Exercise:
Skip the pictures and restate, word for word, the lines from the one containing "특히 매일 학대가 발생하는" to the end of the data below.

Data extracted from a collection:
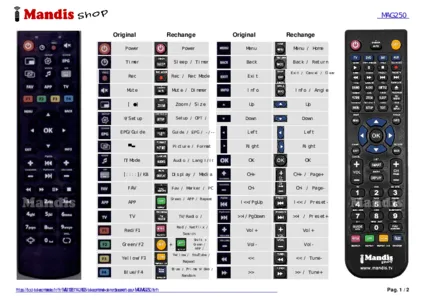 Un document est inclus pour vous aider à utiliser facilement la nouvelle télécommande, en indiquant la correspondance des boutons.
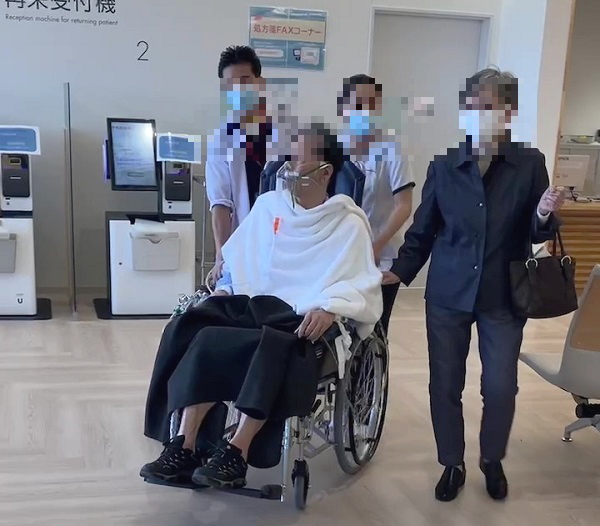 ![]() 車いすで術後初めての散歩 |
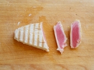 На нього покласти тунець. Перець нарізати скибочками і викласти на тарілку.
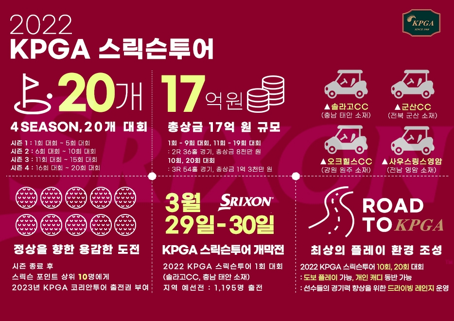 KPGA 스릭슨투어는 KPGA가 주관하는 3개의 투어(코리안투어, 스릭슨투어, 챔피언스투어) 중 가장 먼저 시즌을 맞는다. 공식투어 개막전인 KPGA 스릭슨투어 1회 대회는 29, 30일 충남 태안 소재 솔라고 컨트리클럽의 솔코스에서 펼쳐진다.
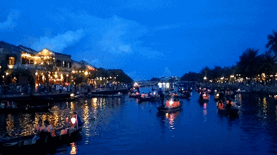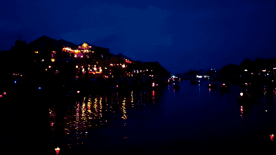 晚上,【会安古镇】的每条街每间店每棵树,以及河里的船上,都挂满了灯笼,很有情调。
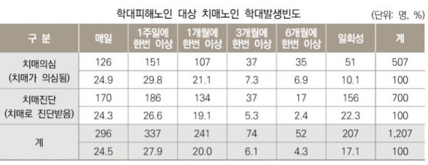 특히 매일 학대가 발생하는 비율(24.5%)이 전체 학대피해노인이 매일 학대를 경험하는 비율(13.3%)보다 11.2%p 높은 것으로 나타났다. 이는 치매노인은 더욱 잦은 빈도로 학대받을 경향이 높다는 것을 의미했다.
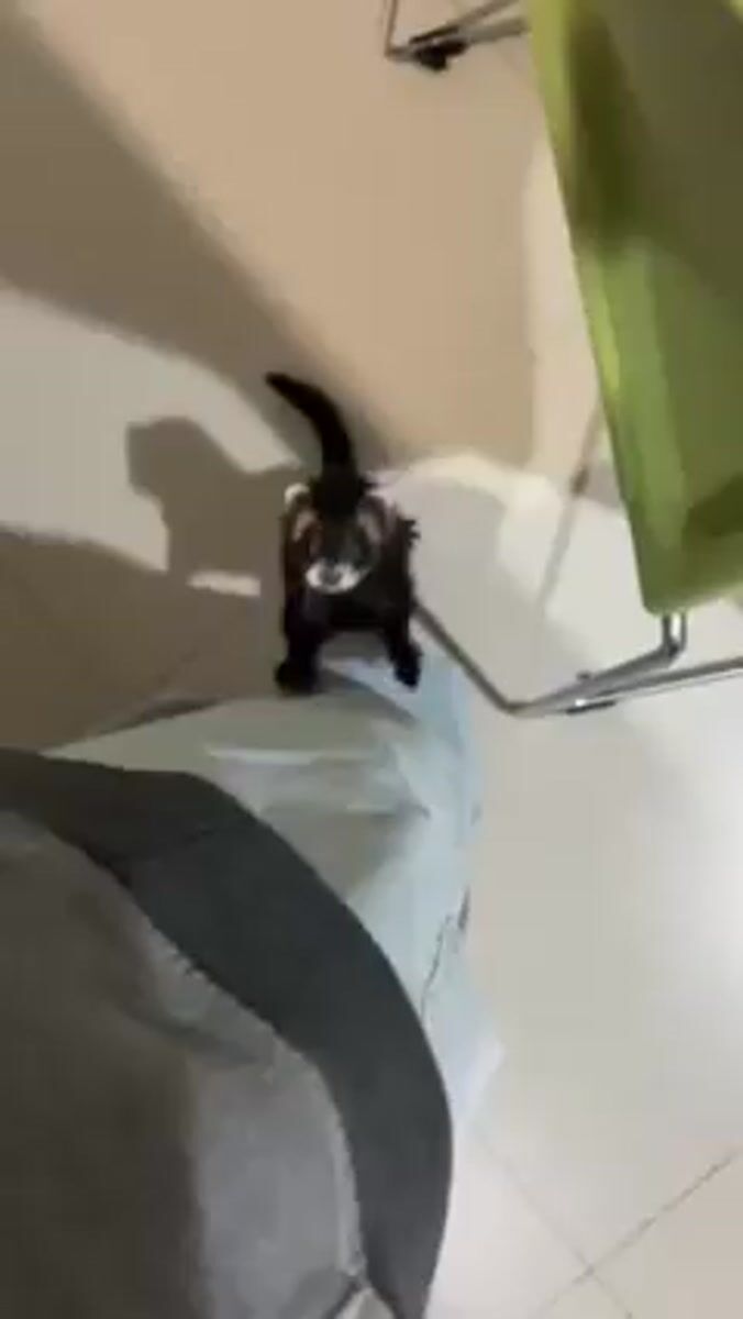 Topics: pet ferret, domestic play, kitchen activity, pet behavior, home life, animal companion, indoor scene, daily life, domestic, lifestyle
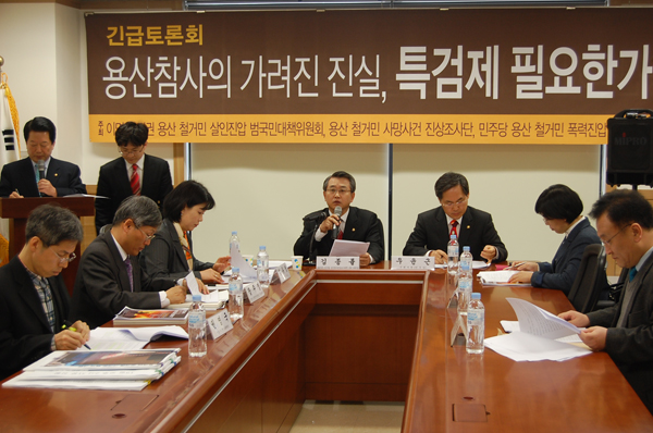 이어서 이명박정권 용산철거민살인진압 범대위.용산철거민사망사건 진상조사단.민주당 용산참사진상조사대책특위는 ‘용산참사의 가려진 진실, 왜 특검이 필요한가’를 토론했다.

Response:
 특히 매일 학대가 발생하는 비율(24.5%)이 전체 학대피해노인이 매일 학대를 경험하는 비율(13.3%)보다 11.2%p 높은 것으로 나타났다. 이는 치매노인은 더욱 잦은 빈도로 학대받을 경향이 높다는 것을 의미했다.
 Topics: pet ferret, domestic play, kitchen activity, pet behavior, home life, animal companion, indoor scene, daily life, domestic, lifestyle
 이어서 이명박정권 용산철거민살인진압 범대위.용산철거민사망사건 진상조사단.민주당 용산참사진상조사대책특위는 ‘용산참사의 가려진 진실, 왜 특검이 필요한가’를 토론했다.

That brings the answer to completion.